600

It feels closer now than ever. Or course, that's a stupid statement, because if you're counting down days until an event, then every day is bringing it closer.  

But it feels closer, because a couple weeks ago I finished my Level 1 training week. A week living and sailing on a 69' clipper sailboat, one that's already circumnavigated the globe four times, really helps put what I'm signed up to do in perspective. 

Mostly. Because there's not really a decent way to mimic the sort of conditions you'll get a thousand miles from the nearest land. And I'm glad we didn't do that this time around. The weather was great for the most part, almost a perfect build in conditions, starting out easy the first day and strong enough the last day that learning about storm sails was actually appropriate.  

Despite the easy conditions the first couple days, it wasn't exactly easy to do. The sails can weigh up to 300kgs (that's over 600 lbs for Liberia, Myanmar, and the US). And hauling one of those up a 30m mast (100') is pretty knackering (tiring). Especially when you're getting less sleep than would be ideal, because of the squeaky fender just the other side of the hull from your head, and people have to pass you to use the facilities.
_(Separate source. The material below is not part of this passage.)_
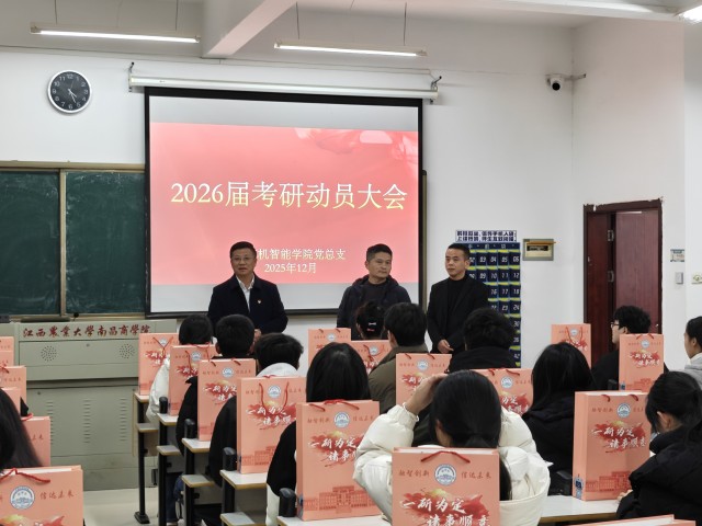 为充分发挥党员先锋模范作用,切实为考研学子办实事、解难题,12月16日下午,计算机智能学院党总支在厚德楼A205教室举行2026届考研动员大会。计算机智能学院院长黄小岭、党总支书记杨谨鸿、副院长龚文辉及全院考研学子共同参会。

I'll be buying stock in an earplug company, and gods bless Richard Branson for the fetching red eye cover he provided on my flight over. It's surprising what you'll sleep through when you're actually being physical all day. 

And I think that was my second biggest surprise of the training. I didn't seize up, I didn't collapse in a jellied heap or have my heart explode out my chest like I half-expected. Don't get me wrong, at the end of the day the narrow, seemingly damp, unpillowed bunk was collapsed into as though I'd never move again, but every morning it was back up and at it again, and I was able to. Every time a sail was sweated up, or pulled up on deck, as a team we got it up and out and up. I've got a hell of a lot of work to do to get fit enough for the race, but the week gave me a sense of what I need to improve on (everything).  
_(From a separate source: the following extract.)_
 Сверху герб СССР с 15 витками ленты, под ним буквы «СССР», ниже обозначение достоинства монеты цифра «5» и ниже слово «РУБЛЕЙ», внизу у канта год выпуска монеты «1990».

It was also good for me to learn something new. And I mean really learn, and have other see what I was doing, and be able to judge. And when you feel like you're getting the hang of something, and it's starting to feel good, and there's a little bit of confidence, well that's when you're going to fuck up. I forgot what it was like to do that, and probably rediscovered in the hardest possible way; on a 68' sailboat on two hours of sleep and high enough winds that reefs are not inappropriate. 
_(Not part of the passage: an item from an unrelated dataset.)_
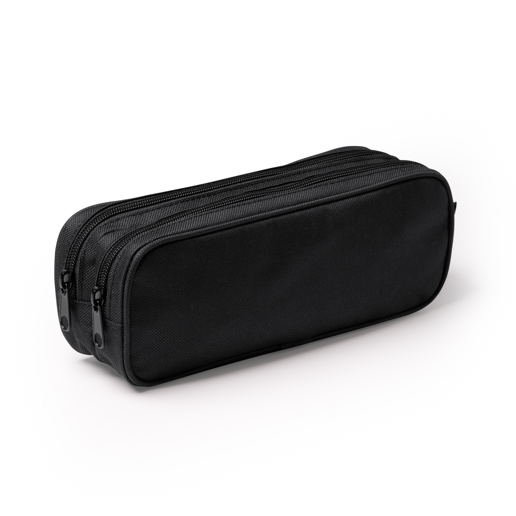 Estuche elaborado de políester reciclado RPET 300D con doble compartimento y cierre de cremallera.

Day 3 sucked for me. It felt like every time I touched a winch or a rope, I fucked up. And that annoyed me, which would make me screw up again, self-repeating and self-defeating until I didn't even want to go to the pub at the end of the days' sailing. Called my dad. Whined to him a bit. He laughed at me, which is probably what I needed.

I got over the day, and felt great at the end of the week. Great in that sailing is something I can do, and am not atrocious at (got the RYA competent crewmember cert to prove it). Not great in that my ankle was giving me gyp, I had the grip strength of a four year old, and walking on dry land felt weird cos it wasn't moving. But regardless of that, and regardless of day 3, I still think this is exactly what I need to do. Bugger off for 11 months, sail round the world, and finish up a changed man.